Manley is an unignorable football presence. To opposing quarterbacks, the 6'3", 257-pound Manley is capital punishment. As a rookie in 1981, he ran the fastest 40-yard dash—4.55—of anyone in the Redskins' minicamp. "Amazing," said coach Joe Gibbs. Since then, Manley has broken Diron Talbert's club record for most career sacks, helped lead Washington to two Super Bowls, improved his sack total every season and, after missing most of the first five games of this year because of a knee injury and the strike, already leveled quarterbacks three times for losses. He is a major reason that Washington, with a 7-2 record, is a lock to make the playoffs.

"The Redskins need me and I need them," says Manley. "If they didn't need me, I'd have been gone a long time ago. I'm too much trouble."

Trouble? Nahhhhhh.

Manley, the youngest child of a chauffeur and a nurse's aide, was born in Houston's Third Ward on Feb. 2,1959. Or was it 1958? His driver's license says 1959; his birth certificate says 1958. Manley repeated the third grade, and he lied about his age when he went to Oklahoma State. "Who cares?" he says. "Nancy Reagan does it."

He loved his father, Carl, but his father never said that he loved him back. Carl favored another son, Reginald Carl. The similarity in looks between Manley and his father was striking, but Reginald Carl "had the name," says Manley. A standout basketball player in high school, Reggie, according to Manley, "got all the awards. I never did."

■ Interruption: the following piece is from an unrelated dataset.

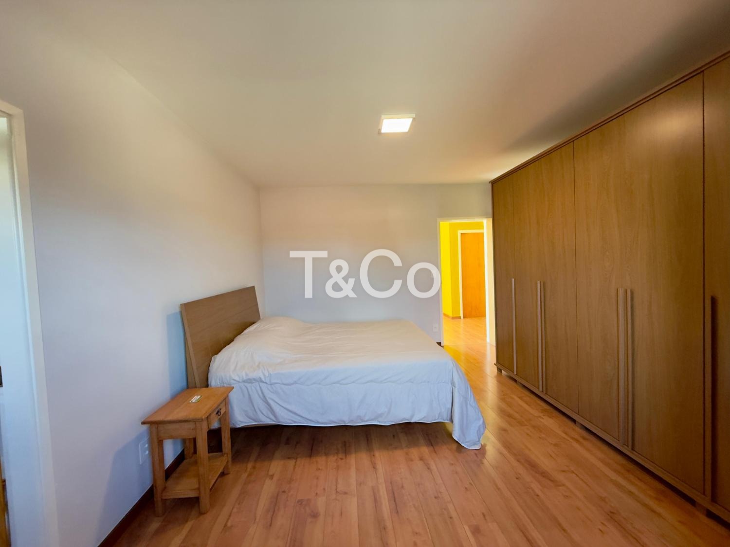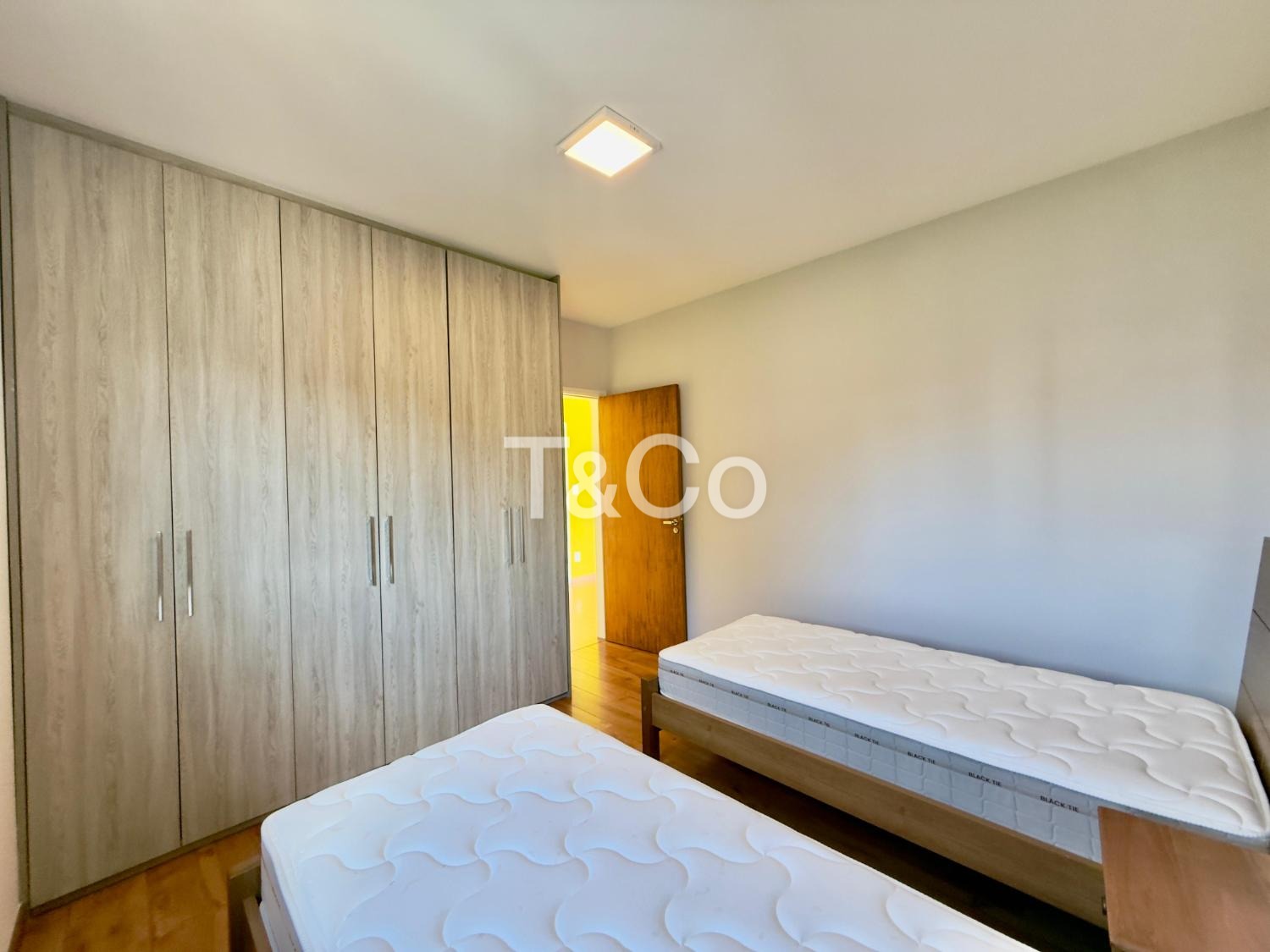 No piso superior, são três dormitórios, sendo uma suíte, além de banheiro social.

They say the unfavored child either becomes fixated on winning his father's approval or rebels against him. Manley spent his youth trying to win approval. He might have succeeded, too, if he hadn't gotten his girlfriend, Stephayne Baker, pregnant during his senior year in high school. Marry her, said her mother. Don't you dare, said his father. On March 15, 1977, three weeks before the baby was born, Manley came up with a solution. He would marry Stephayne to please her mother, but he would not tell his father.

For 2½ months the marriage was a heavy secret. To be with Stephayne, Manley would occasionally spend the night at the Bakers' house. In early June, when Carl found out what his son had done, he was furious. Dexter never had an opportunity to explain. "I wanted my kid to have a name," he says. "I thought that it was the right thing to do."